A woman going into an MRI machine with headphones on

A New Kind of Therapy

Ok, imagine this: you’re lying on your back, someone puts a steel bucket over your head then bangs on it with a hammer, over and over in rapid, ear-splitting succession.

That’s pretty much what it felt like when I had an MRI recently. Except instead of a bucket, my entire body was slid into a tunnel barely wide enough for my shoulders with only about 10 inches of space between my face and the ceiling.

Yeah. It was a claustrophobe’s nightmare.

A pleasant voice came on in my headphones, “Now try to relax and hold perfectly still. It will all be over in 15 minutes.”

Fifteen minutes? That’s a quarter of an hour!

Trying to go to a happy place

So, I closed my eyes and tried to go to a happy place. But, just as I began picturing a beautiful, white, sandy, Hawaiian beach... bang, bang, bang, my ears swelled to a series of loud pops, firing off at rapid, machine-gun speed.

If you ever have an MRI, I recommend you stuff your ears with something before going in. You’ll still hear the pops but at least they’ll be a bit muffled. The headphones are mostly useless by themselves.

Useless, except for one thing. If you request it, they will pipe music into them. At my location, they play anything you want, jazz, rock and roll, blues, classical… hell, I’d almost listen to rap if it would take my mind out of that coffin.

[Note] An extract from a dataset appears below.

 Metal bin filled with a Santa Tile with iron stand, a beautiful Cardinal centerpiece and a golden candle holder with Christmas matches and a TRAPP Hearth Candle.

So, after they got the music playing and I closed my eyes, I was able to relax and even hold still. I chose blues, by the way, not rap. No need to add to my torture.

Using music as a distraction

It made sense. I use music to relax or distract myself a lot. Mundane tasks like doing the dishes are made much more pleasant while listening to golden oldies. It turns out there actually is a discipline called Music Therapy. I first learned of it from Jesus. Maybe I better explain that one.

One day, around Easter time, the brother of one of our parishioners showed up. He was asked to participate with the children in our church Easter program. Most of us hadn’t met him until the night of the play when he entered and slowly made his way towards the stage. It was obvious what part they’d asked him to play.

Tall, well over 6 feet, slim build, long dark hair falling to his shoulders, dark beard, and eastern Mediterranean facial features - yeah, he wasn’t exactly the Easter Bunny. The only props he required were a faded robe and sandals. He was so authentic I felt an overwhelming urge to apologize for using his name in vain the night before.

Later I learned he was a music therapist. He explained how they use active participation and passive listening methods to help cancer patients relax. Music can reduce the tension, anxiety, depression, nausea, and even pain associated with hard-to-tolerate cancer treatments.

So, apparently, Music Therapy is worth looking into. At least that’s what Jesus told me.